Do you think that the white family you eventually found would have preferred not to know about your branch of the family?

It’s a very good question. Rita’s grandfather was my great-great-grandfather, a white Englishman who immigrated to America in search of a dream like so many immigrants, and he left, as many white men have done in this country, a dual racial lineage. Her family did know that he’d had this relationship before he married a white woman, but they always thought that it had been with an Indian woman. That was the way their father wanted that relationship to be remembered, if it was going to be remembered at all, because where they came from, an Indian was considered higher on the yardstick of humanity than a black person.

But their memory of this person was always kind of vague. I think in Rita’s case, she was profoundly thankful that I made this connection, because, as the book points out, she was going through a very difficult time when I first made that call. My contacting her in that way made her profoundly happy, because she was learning something new.

What about you? How has it changed you to know for sure that you have white cousins?

Ultimately, there were three lessons for me in finding them. One was my appreciation and recognition of the value of journalism as a calling, because it was through the skills I had acquired that I was able to solve these mysteries. Second, I became much more proud of my parents’ generation and the strides they made in American society, and their professional class in particular, in fields like medicine and law. It’s their story that I tell in this book.

Last, and perhaps most important, is the lesson I learned about irony and surprise in life. Despite the stereotypes of race in this country, readers of the book learn about a black family that overcame hurdles to achieve success all over the country, while they meet a white family that was living atop the splendor of white supremacy in the 19th century before suffering a terrible fall. This was the kind of story that stereotypes about race cannot tell. The ultimate irony, for me, was that in looking for traces of my white ancestry, I came away with a much deeper sense of pride in my African-American heritage.

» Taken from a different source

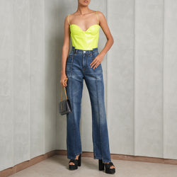 The Olsen Oversized Shirt by Alex Perry is cut from a printed stretch jersey fabric in a neon yellow hue. This shirt is crafted with Alex Perry 's signature fluid edge. It features a collared neck, oversized fit, chest flap pockets, long sleeves and cuffs. For a chic off-duty look, pair this shirt with Alex Perry's Hayes Boxer Shorts and Saint Laurent's Vesper Tweed Slingbacks.

You call your college years “dismal.” What were some of the low and high points?

After my sophomore year, I was kind of aimless, even though I had succeeded academically. I was disappointed with the architecture program, so I took a year off from school and worked on the waterfront in Seattle. I managed to get on a trip to China with a group of writers and artists. This was 1975, only a few years after Nixon first visited, so it was still a profoundly closed society. It was a wonderful experience — it was my first time out of the country, we traveled to all these places, and I kept a journal. I came back and wrote an article for the newspaper in Seattle. It was published — my first byline. So when I went back to Princeton, I declared my major as political science and went to see if I could go back to China through Princeton-in-Asia. A man there looked at me and noted that I was a black person. He said they had never had a black person in the program, and he wanted me to rethink it, because it could cause problems with the host family in Asia. My way of dealing with racism from the time I was a little kid was to swallow it and move on to something else. But it was still a very painful, embittering experience that I’ve remembered to this day.

Next to me in the yearbook you’ll see no photograph and no list of activities. I was profoundly intimidated by the culture. This was a new age of integration at Princeton, and as a black person, I didn’t feel particularly welcome. I think there were other black people of that time who would tell you the same thing — that we were there as kind of an afterthought. So when people ask me what class did I belong to, I say, “I was part of the invisible class.”

But the reason I was there was to get as much as I could out of the university, and that meant academic learning. There were individuals at the university who were helpful to me in a way that had a lasting effect on my life. But on the whole, as I say in the book, one of my memories was my alone-ness.

Louis Jacobson ’92 is a staff correspondent with National Journal magazine.